Leave out the images; return the rest of the data exactly.

→ **Material provided**:
⁂

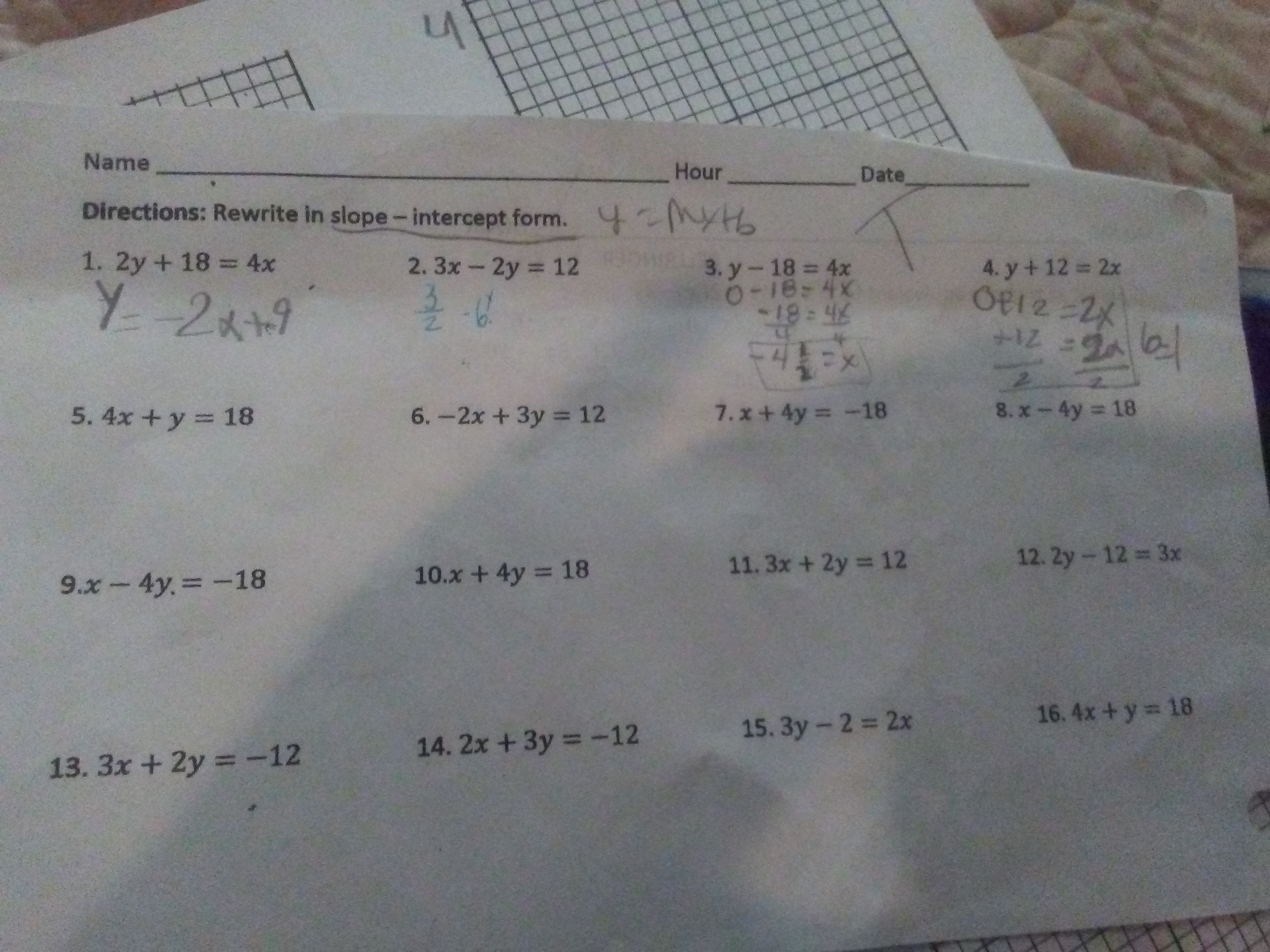 Second step is to change the 2y into y. You do that by dividing everything by 2. So 2y=4x-18 becomes y=2x-9
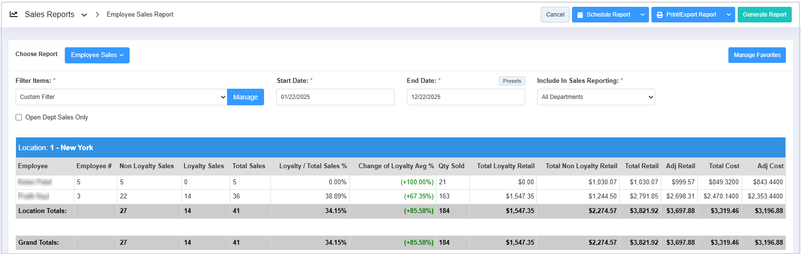 - Non-Loyalty Sales: This field gives the total number of non-loyalty sales transactions for the non-loyalty customers in the selected date range by the respective employee.
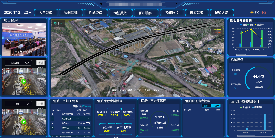 數(shù)字基建現(xiàn)場(chǎng)智慧管控平臺(tái)借助物聯(lián)網(wǎng)、云計(jì)算、大數(shù)據(jù)、VR/AR多媒體、北斗定位、區(qū)塊鏈等技術(shù),以提升工程建設(shè)安全和質(zhì)量為重點(diǎn),以“信息系統(tǒng)服務(wù)于管理提升與效率”為建設(shè)原則,以自有平臺(tái)為技術(shù)架構(gòu)核心,融合BIM+GIS及物聯(lián)網(wǎng)平臺(tái),推進(jìn)基于BIM技術(shù)為支撐的三維設(shè)計(jì)、工程管控,實(shí)現(xiàn)對(duì)設(shè)計(jì)、施工、進(jìn)度、質(zhì)量、安全等各環(huán)節(jié)工作過程數(shù)據(jù)的深度融合和一體化展示;同時(shí)與人員、機(jī)械、車輛、物資、工法、環(huán)境等業(yè)務(wù)相結(jié)合,實(shí)現(xiàn)工程全過程的數(shù)據(jù)自動(dòng)采集、智能分析及智能預(yù)警;通過人機(jī)交互、感知、決策、執(zhí)行和反饋,客觀分析施工場(chǎng)域的進(jìn)度、安全、質(zhì)量及風(fēng)險(xiǎn)等的特征和規(guī)律,將虛擬的業(yè)務(wù)系統(tǒng)與真實(shí)世界的場(chǎng)景深度融合,實(shí)現(xiàn)“施工現(xiàn)場(chǎng)全面感知”、“工程建設(shè)綜合指揮”、“工程BIM全生命周期管控”、“安全教育沉浸體驗(yàn)”的建設(shè)目標(biāo),全面實(shí)現(xiàn)施工現(xiàn)場(chǎng)的管理智慧化、生產(chǎn)智慧化、監(jiān)控智慧化和服務(wù)智慧化。

⁂

→ **Exercise response**:
 Second step is to change the 2y into y. You do that by dividing everything by 2. So 2y=4x-18 becomes y=2x-9
 - Non-Loyalty Sales: This field gives the total number of non-loyalty sales transactions for the non-loyalty customers in the selected date range by the respective employee.
 數(shù)字基建現(xiàn)場(chǎng)智慧管控平臺(tái)借助物聯(lián)網(wǎng)、云計(jì)算、大數(shù)據(jù)、VR/AR多媒體、北斗定位、區(qū)塊鏈等技術(shù),以提升工程建設(shè)安全和質(zhì)量為重點(diǎn),以“信息系統(tǒng)服務(wù)于管理提升與效率”為建設(shè)原則,以自有平臺(tái)為技術(shù)架構(gòu)核心,融合BIM+GIS及物聯(lián)網(wǎng)平臺(tái),推進(jìn)基于BIM技術(shù)為支撐的三維設(shè)計(jì)、工程管控,實(shí)現(xiàn)對(duì)設(shè)計(jì)、施工、進(jìn)度、質(zhì)量、安全等各環(huán)節(jié)工作過程數(shù)據(jù)的深度融合和一體化展示;同時(shí)與人員、機(jī)械、車輛、物資、工法、環(huán)境等業(yè)務(wù)相結(jié)合,實(shí)現(xiàn)工程全過程的數(shù)據(jù)自動(dòng)采集、智能分析及智能預(yù)警;通過人機(jī)交互、感知、決策、執(zhí)行和反饋,客觀分析施工場(chǎng)域的進(jìn)度、安全、質(zhì)量及風(fēng)險(xiǎn)等的特征和規(guī)律,將虛擬的業(yè)務(wù)系統(tǒng)與真實(shí)世界的場(chǎng)景深度融合,實(shí)現(xiàn)“施工現(xiàn)場(chǎng)全面感知”、“工程建設(shè)綜合指揮”、“工程BIM全生命周期管控”、“安全教育沉浸體驗(yàn)”的建設(shè)目標(biāo),全面實(shí)現(xiàn)施工現(xiàn)場(chǎng)的管理智慧化、生產(chǎn)智慧化、監(jiān)控智慧化和服務(wù)智慧化。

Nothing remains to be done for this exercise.